— The task —
Please keep to the lines below from the one with "A edição do" through the one with "Недатированные страницы в", and restate them word for word, ends included.
┌─ Information
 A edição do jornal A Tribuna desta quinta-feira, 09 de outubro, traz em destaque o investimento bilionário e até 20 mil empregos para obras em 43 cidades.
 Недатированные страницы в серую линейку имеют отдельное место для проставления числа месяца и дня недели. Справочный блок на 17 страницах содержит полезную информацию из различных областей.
└─
┌─ Information
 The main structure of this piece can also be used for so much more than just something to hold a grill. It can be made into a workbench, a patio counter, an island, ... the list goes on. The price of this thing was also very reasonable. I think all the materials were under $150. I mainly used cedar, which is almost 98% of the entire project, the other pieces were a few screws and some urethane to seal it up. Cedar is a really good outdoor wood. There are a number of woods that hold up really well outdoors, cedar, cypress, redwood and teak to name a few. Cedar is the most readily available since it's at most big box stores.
└─
— Exercise output —
 A edição do jornal A Tribuna desta quinta-feira, 09 de outubro, traz em destaque o investimento bilionário e até 20 mil empregos para obras em 43 cidades.
 Недатированные страницы в серую линейку имеют отдельное место для проставления числа месяца и дня недели. Справочный блок на 17 страницах содержит полезную информацию из различных областей.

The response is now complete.